The QBZ-03 (Mandarin: Qīngwuqi Bùqiāng Zìdòng—"light rifle automatic") assault rifle, also known as the Type 03, is a Chinese gas operated, selective-fire assault rifle designed and developed for the 5.8×42mm DBP87 round.

Unlike the bullpup QBZ-95, the QBZ-03 is a weapon of conventional design. The weapon is designed to be easily used by soldiers already familiar with previously issued assault rifles and machine guns.

Design
The QBZ-03 has a two-piece receiver largely made up of forged aluminum alloy with the stock, pistol grip, and handguards being made of a polymer compound. Its design appears to be based on the cancelled Type 87 assault rifle, chambered in 5.8mm. The rifle was made in conjunction with the QBZ-95 as an alternative primary weapon.

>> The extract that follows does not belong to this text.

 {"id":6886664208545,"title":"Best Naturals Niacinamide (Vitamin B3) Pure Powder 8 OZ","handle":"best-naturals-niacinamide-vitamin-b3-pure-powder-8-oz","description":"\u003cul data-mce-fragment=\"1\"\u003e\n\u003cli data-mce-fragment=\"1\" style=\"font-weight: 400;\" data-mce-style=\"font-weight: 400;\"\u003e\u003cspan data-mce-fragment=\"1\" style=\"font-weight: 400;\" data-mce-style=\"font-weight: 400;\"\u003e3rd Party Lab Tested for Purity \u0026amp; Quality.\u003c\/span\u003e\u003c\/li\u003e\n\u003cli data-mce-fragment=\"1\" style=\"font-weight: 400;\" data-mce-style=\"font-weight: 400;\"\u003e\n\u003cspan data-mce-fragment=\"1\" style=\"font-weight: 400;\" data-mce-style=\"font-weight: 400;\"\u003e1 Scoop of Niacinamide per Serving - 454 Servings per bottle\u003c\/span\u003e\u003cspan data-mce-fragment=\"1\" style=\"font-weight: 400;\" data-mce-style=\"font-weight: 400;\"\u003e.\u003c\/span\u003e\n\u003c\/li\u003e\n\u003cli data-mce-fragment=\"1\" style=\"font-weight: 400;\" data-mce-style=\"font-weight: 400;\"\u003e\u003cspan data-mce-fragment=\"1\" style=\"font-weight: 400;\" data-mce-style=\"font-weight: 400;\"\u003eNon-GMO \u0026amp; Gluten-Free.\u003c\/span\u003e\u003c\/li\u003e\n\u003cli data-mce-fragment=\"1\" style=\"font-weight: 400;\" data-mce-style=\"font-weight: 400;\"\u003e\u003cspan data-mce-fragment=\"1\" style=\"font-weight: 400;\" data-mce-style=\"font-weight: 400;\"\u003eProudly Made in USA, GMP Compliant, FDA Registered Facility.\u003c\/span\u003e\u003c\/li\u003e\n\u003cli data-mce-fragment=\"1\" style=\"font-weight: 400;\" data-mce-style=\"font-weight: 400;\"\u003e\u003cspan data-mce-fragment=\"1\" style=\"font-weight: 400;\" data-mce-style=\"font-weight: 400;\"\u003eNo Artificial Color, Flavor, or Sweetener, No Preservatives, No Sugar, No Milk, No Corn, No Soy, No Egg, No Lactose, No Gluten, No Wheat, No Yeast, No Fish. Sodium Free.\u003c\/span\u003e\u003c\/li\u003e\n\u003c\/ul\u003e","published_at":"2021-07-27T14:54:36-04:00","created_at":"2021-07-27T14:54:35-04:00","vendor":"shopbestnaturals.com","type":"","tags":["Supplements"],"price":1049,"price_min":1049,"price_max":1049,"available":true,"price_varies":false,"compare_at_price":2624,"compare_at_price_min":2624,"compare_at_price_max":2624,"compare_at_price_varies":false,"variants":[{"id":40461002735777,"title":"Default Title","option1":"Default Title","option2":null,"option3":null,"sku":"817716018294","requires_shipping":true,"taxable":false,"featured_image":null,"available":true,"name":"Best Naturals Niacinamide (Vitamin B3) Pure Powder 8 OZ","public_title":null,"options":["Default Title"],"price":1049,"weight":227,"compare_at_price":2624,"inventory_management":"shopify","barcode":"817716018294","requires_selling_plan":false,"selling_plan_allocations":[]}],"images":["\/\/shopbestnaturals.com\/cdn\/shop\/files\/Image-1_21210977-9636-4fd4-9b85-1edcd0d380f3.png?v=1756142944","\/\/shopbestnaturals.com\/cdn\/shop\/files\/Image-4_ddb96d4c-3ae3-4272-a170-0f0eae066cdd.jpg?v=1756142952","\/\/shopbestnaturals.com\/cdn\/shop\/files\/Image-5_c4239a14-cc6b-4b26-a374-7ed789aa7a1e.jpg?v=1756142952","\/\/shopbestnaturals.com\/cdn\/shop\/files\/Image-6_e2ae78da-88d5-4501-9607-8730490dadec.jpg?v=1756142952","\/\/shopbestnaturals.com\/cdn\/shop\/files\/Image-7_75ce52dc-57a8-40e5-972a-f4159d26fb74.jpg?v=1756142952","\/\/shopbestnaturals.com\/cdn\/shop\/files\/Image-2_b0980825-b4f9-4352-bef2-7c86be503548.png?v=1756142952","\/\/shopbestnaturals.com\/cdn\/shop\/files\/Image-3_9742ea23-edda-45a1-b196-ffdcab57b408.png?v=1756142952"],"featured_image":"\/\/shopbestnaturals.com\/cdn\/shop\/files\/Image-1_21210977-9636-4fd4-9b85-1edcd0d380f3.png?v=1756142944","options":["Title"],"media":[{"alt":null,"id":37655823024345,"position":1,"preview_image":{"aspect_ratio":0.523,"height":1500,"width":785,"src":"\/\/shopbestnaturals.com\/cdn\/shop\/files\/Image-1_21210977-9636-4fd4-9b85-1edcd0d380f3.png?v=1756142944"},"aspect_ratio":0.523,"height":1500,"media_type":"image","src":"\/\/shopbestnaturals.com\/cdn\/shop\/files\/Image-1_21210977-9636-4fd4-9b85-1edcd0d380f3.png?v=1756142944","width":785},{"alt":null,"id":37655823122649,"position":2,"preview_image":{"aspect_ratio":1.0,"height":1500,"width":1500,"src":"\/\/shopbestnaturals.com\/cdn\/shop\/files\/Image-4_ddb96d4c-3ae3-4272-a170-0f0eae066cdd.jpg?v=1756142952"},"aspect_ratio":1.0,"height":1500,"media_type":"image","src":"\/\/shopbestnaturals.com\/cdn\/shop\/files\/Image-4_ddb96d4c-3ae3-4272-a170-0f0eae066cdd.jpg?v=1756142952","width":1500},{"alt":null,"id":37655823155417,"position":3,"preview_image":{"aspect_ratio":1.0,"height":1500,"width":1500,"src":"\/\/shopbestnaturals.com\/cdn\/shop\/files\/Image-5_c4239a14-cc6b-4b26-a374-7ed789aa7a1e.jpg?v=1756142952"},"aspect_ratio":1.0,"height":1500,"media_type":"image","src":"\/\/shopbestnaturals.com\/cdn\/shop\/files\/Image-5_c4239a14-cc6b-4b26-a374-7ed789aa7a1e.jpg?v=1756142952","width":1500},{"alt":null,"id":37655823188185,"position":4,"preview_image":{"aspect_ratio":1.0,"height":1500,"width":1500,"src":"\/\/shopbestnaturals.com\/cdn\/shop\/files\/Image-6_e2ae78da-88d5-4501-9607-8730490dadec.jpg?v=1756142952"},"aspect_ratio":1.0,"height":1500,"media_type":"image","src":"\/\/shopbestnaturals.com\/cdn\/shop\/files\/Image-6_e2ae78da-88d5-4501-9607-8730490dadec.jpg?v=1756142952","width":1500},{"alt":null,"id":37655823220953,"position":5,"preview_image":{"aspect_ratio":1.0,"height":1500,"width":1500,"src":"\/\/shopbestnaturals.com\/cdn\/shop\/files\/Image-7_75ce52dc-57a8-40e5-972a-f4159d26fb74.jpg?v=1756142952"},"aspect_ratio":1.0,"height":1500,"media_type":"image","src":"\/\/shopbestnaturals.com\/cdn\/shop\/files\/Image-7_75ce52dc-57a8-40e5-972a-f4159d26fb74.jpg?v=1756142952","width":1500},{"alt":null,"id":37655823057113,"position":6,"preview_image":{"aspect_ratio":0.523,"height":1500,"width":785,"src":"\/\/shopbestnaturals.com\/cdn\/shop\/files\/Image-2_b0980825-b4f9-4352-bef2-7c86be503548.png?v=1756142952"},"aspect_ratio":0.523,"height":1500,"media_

The gas block has a two position regulator, one for firing standard ammunition, the other to allow the use of rifle grenades. The sights are of a hooded front sight with a flip up rear diopter sight similar to the American M16 rifle. A scope rail is available to allow the use of various optics.

The weapon has a faster rate of fire compare to QBZ-95. Operating system is similar to Type 81 assault rifle featuring rotating bolt locking and short-stroke gas piston.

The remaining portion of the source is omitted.